Action item ▸ Repeat the entire listing exactly. Omit all pictures.

Extracted entries ▸
------

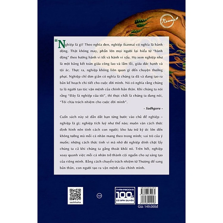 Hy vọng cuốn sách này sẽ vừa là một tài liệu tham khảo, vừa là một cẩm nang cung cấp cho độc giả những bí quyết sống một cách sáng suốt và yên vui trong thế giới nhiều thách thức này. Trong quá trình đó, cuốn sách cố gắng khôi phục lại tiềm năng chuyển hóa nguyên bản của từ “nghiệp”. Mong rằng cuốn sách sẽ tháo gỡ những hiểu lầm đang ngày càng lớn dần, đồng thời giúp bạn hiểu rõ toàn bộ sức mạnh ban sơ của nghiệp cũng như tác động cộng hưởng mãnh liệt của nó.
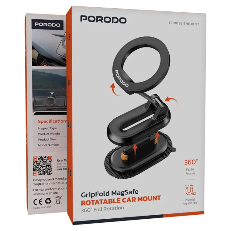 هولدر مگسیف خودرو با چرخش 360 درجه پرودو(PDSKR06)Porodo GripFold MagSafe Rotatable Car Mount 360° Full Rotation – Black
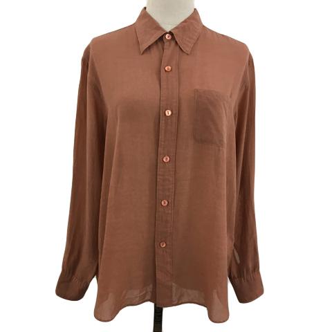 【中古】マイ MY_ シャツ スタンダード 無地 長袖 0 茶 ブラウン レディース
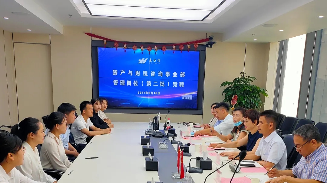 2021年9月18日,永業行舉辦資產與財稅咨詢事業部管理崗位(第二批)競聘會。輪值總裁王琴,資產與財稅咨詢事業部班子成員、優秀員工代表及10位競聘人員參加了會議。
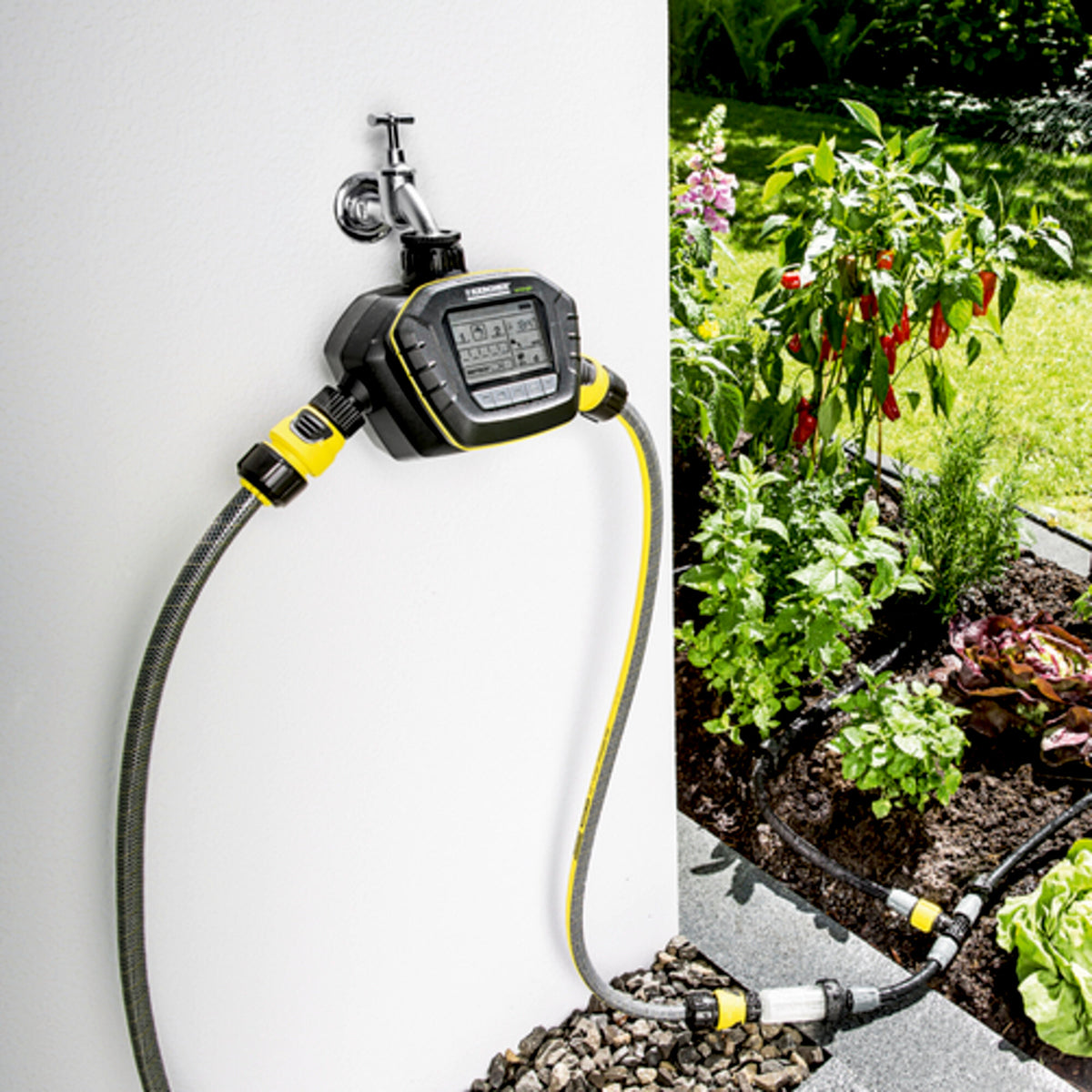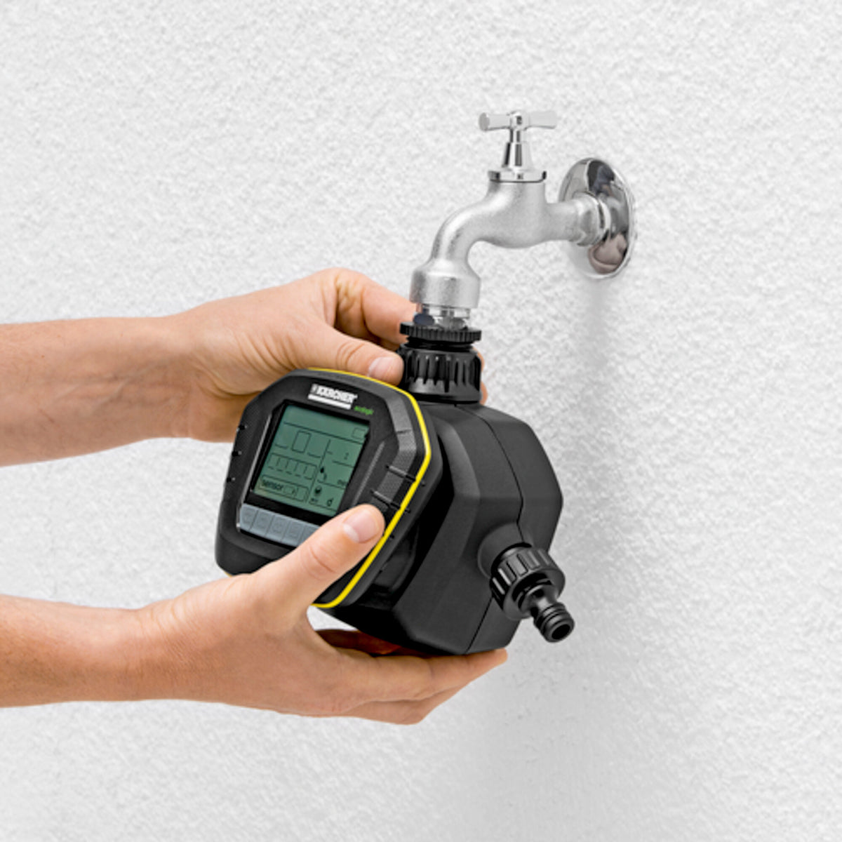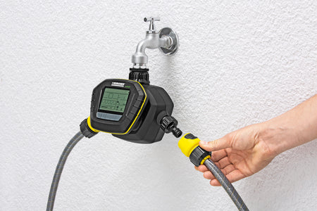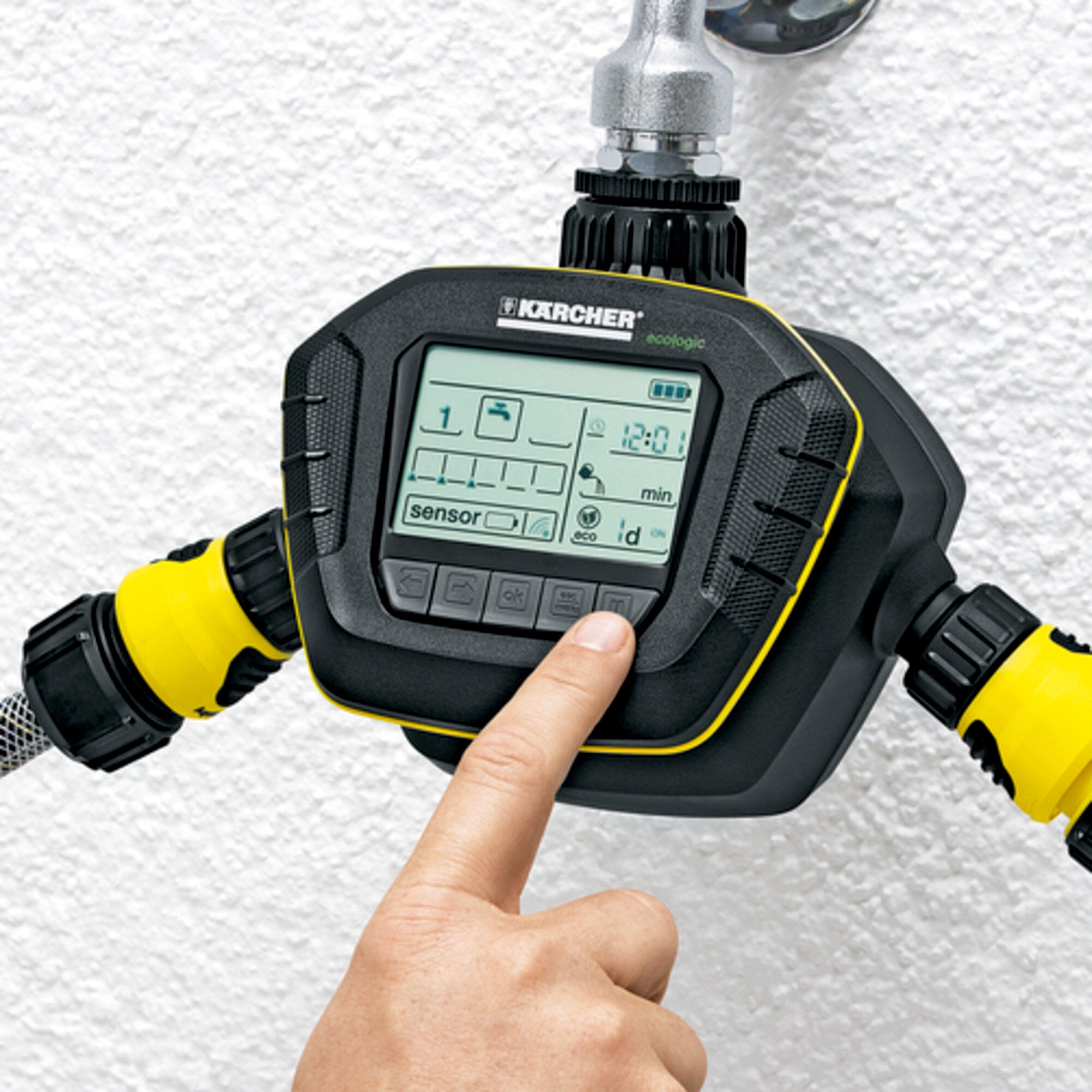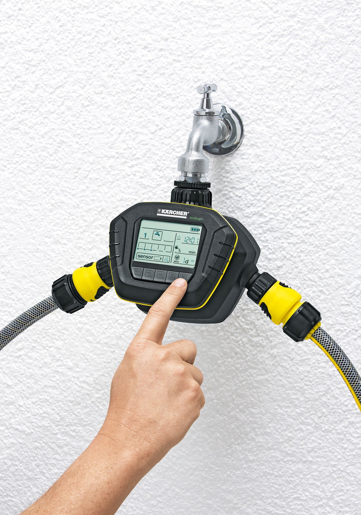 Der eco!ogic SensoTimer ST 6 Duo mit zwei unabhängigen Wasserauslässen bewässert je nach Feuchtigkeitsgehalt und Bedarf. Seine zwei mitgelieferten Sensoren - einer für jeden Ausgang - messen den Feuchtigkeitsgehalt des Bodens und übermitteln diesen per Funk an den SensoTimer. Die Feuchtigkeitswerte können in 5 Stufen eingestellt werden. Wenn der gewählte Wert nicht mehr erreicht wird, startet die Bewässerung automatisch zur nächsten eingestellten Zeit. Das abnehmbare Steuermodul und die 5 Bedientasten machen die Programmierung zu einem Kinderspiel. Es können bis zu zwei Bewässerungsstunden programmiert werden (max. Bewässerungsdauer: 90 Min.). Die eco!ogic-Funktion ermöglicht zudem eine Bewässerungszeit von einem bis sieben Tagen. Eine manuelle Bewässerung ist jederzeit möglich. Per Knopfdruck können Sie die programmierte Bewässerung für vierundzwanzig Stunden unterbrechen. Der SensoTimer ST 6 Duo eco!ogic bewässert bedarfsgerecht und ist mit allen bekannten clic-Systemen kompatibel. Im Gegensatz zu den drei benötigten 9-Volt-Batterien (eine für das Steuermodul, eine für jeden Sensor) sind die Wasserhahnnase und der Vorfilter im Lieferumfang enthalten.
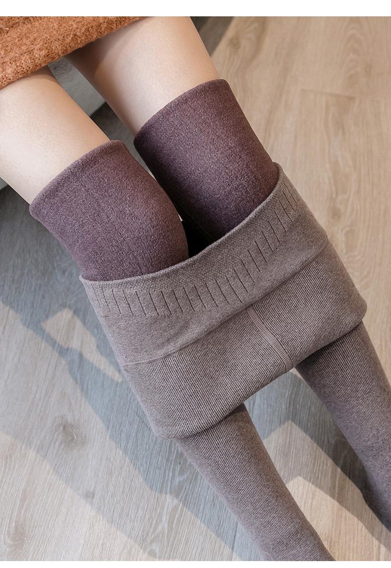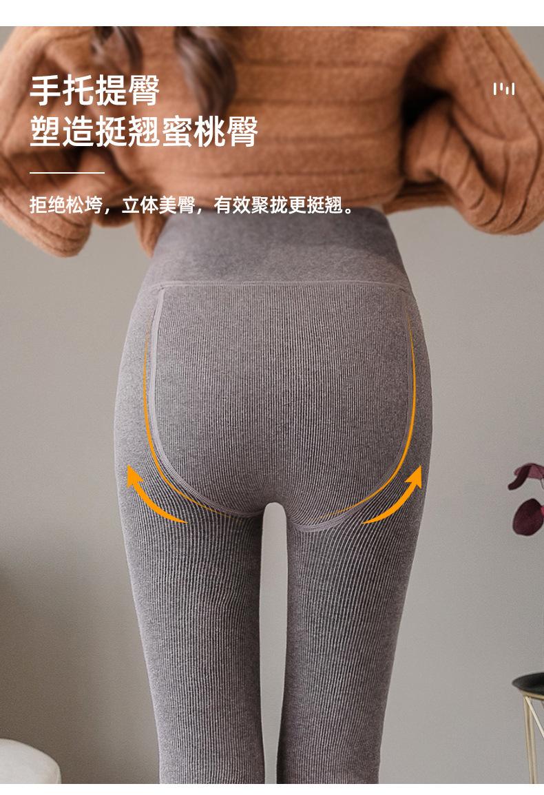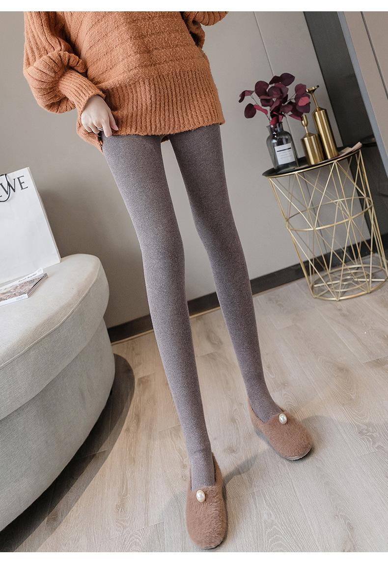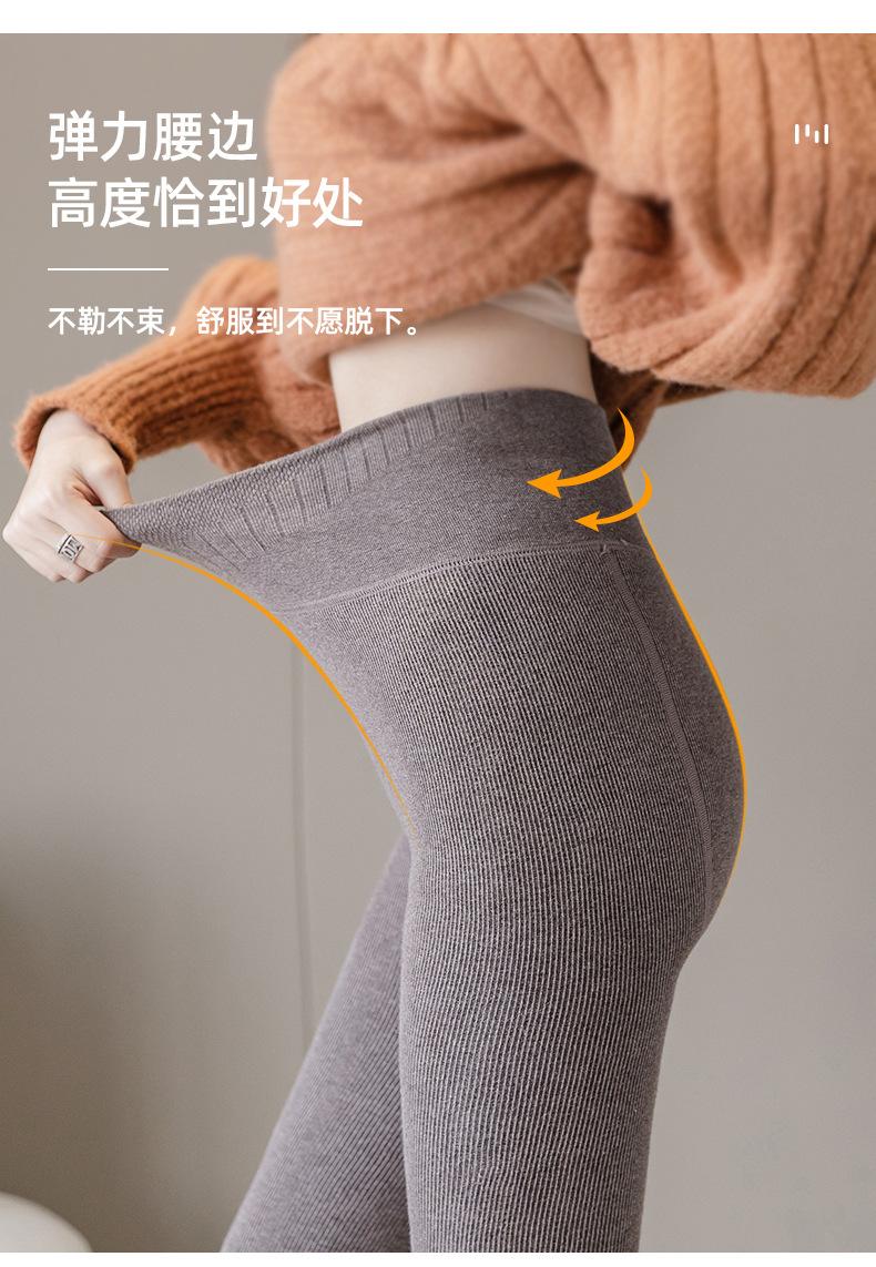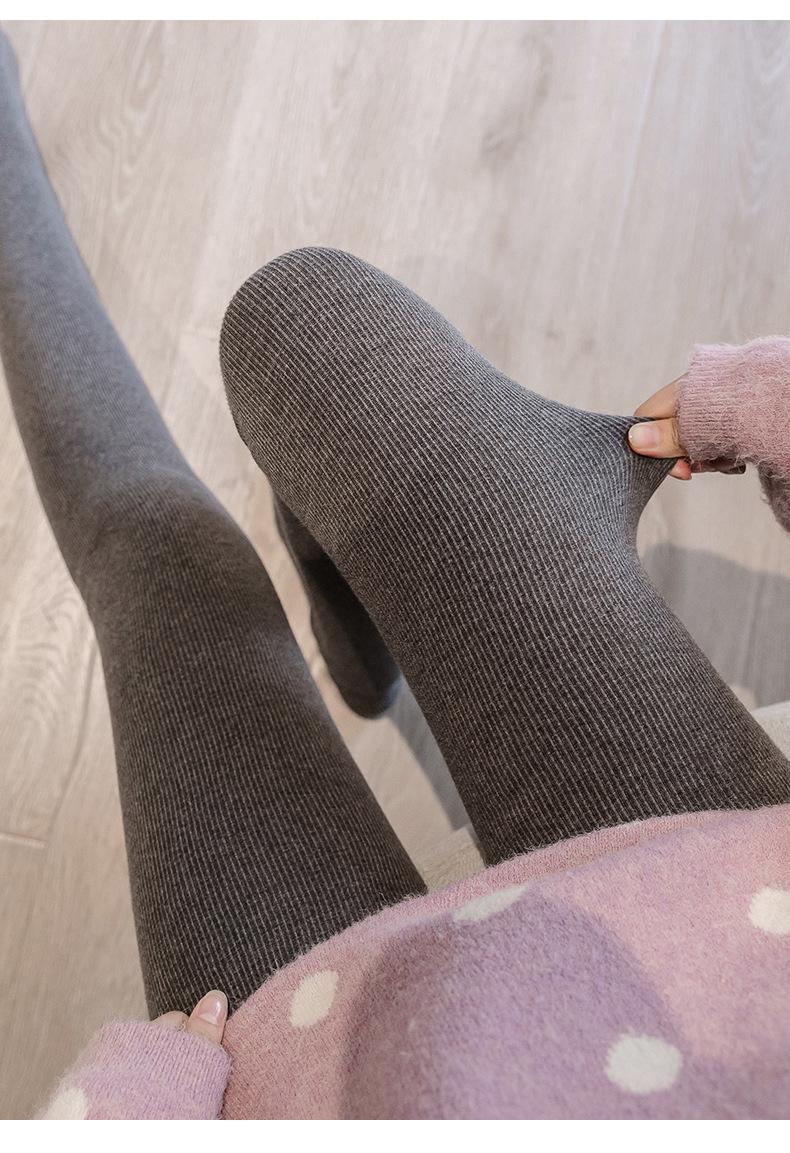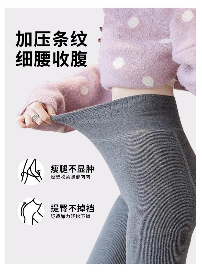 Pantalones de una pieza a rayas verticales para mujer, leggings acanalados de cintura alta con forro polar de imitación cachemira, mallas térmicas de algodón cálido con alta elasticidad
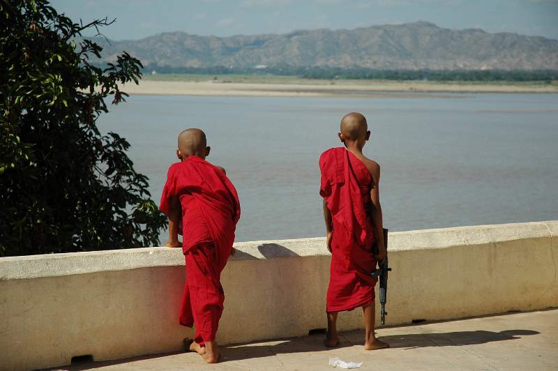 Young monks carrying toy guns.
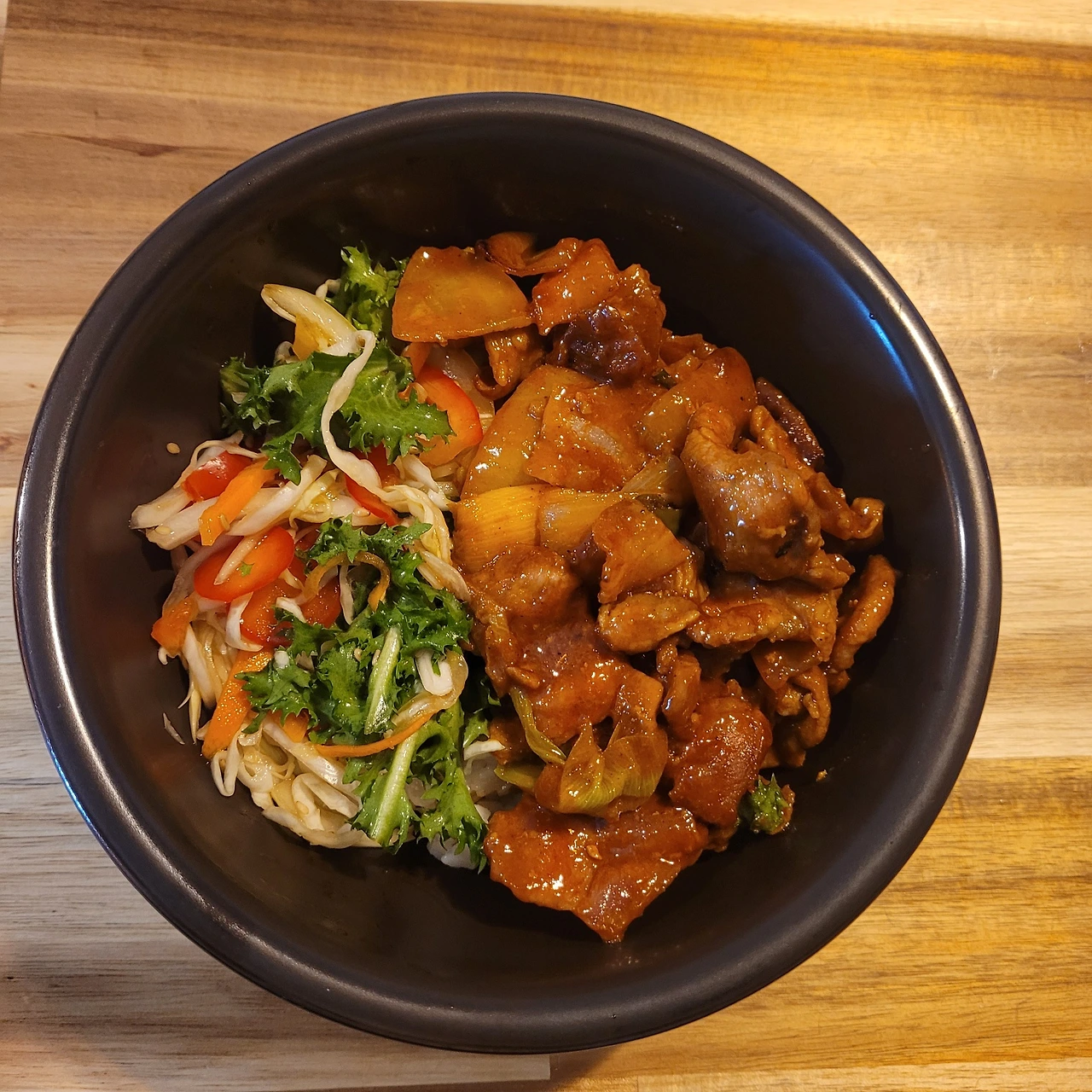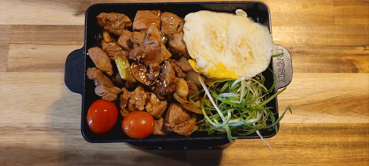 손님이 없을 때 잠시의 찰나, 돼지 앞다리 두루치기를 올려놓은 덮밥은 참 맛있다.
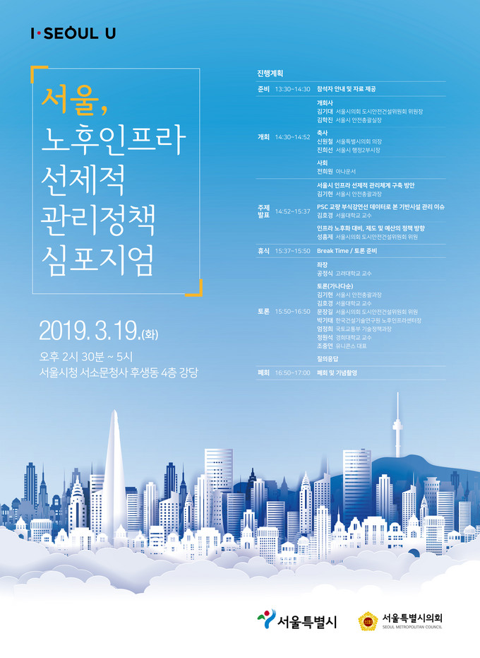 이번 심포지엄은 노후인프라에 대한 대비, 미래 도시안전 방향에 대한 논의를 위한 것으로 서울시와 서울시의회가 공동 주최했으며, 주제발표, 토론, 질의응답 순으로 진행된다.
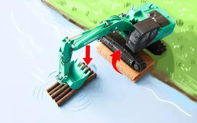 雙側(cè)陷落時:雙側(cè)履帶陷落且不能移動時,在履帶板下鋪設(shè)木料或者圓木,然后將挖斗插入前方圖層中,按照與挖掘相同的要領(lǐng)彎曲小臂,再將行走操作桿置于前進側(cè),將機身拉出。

------

Reply ▸
 Hy vọng cuốn sách này sẽ vừa là một tài liệu tham khảo, vừa là một cẩm nang cung cấp cho độc giả những bí quyết sống một cách sáng suốt và yên vui trong thế giới nhiều thách thức này. Trong quá trình đó, cuốn sách cố gắng khôi phục lại tiềm năng chuyển hóa nguyên bản của từ “nghiệp”. Mong rằng cuốn sách sẽ tháo gỡ những hiểu lầm đang ngày càng lớn dần, đồng thời giúp bạn hiểu rõ toàn bộ sức mạnh ban sơ của nghiệp cũng như tác động cộng hưởng mãnh liệt của nó.
 هولدر مگسیف خودرو با چرخش 360 درجه پرودو(PDSKR06)Porodo GripFold MagSafe Rotatable Car Mount 360° Full Rotation – Black
 【中古】マイ MY_ シャツ スタンダード 無地 長袖 0 茶 ブラウン レディース
 2021年9月18日,永業行舉辦資產與財稅咨詢事業部管理崗位(第二批)競聘會。輪值總裁王琴,資產與財稅咨詢事業部班子成員、優秀員工代表及10位競聘人員參加了會議。
 Der eco!ogic SensoTimer ST 6 Duo mit zwei unabhängigen Wasserauslässen bewässert je nach Feuchtigkeitsgehalt und Bedarf. Seine zwei mitgelieferten Sensoren - einer für jeden Ausgang - messen den Feuchtigkeitsgehalt des Bodens und übermitteln diesen per Funk an den SensoTimer. Die Feuchtigkeitswerte können in 5 Stufen eingestellt werden. Wenn der gewählte Wert nicht mehr erreicht wird, startet die Bewässerung automatisch zur nächsten eingestellten Zeit. Das abnehmbare Steuermodul und die 5 Bedientasten machen die Programmierung zu einem Kinderspiel. Es können bis zu zwei Bewässerungsstunden programmiert werden (max. Bewässerungsdauer: 90 Min.). Die eco!ogic-Funktion ermöglicht zudem eine Bewässerungszeit von einem bis sieben Tagen. Eine manuelle Bewässerung ist jederzeit möglich. Per Knopfdruck können Sie die programmierte Bewässerung für vierundzwanzig Stunden unterbrechen. Der SensoTimer ST 6 Duo eco!ogic bewässert bedarfsgerecht und ist mit allen bekannten clic-Systemen kompatibel. Im Gegensatz zu den drei benötigten 9-Volt-Batterien (eine für das Steuermodul, eine für jeden Sensor) sind die Wasserhahnnase und der Vorfilter im Lieferumfang enthalten.
 Pantalones de una pieza a rayas verticales para mujer, leggings acanalados de cintura alta con forro polar de imitación cachemira, mallas térmicas de algodón cálido con alta elasticidad
 Young monks carrying toy guns.
 손님이 없을 때 잠시의 찰나, 돼지 앞다리 두루치기를 올려놓은 덮밥은 참 맛있다.
 이번 심포지엄은 노후인프라에 대한 대비, 미래 도시안전 방향에 대한 논의를 위한 것으로 서울시와 서울시의회가 공동 주최했으며, 주제발표, 토론, 질의응답 순으로 진행된다.
 雙側(cè)陷落時:雙側(cè)履帶陷落且不能移動時,在履帶板下鋪設(shè)木料或者圓木,然后將挖斗插入前方圖層中,按照與挖掘相同的要領(lǐng)彎曲小臂,再將行走操作桿置于前進側(cè),將機身拉出。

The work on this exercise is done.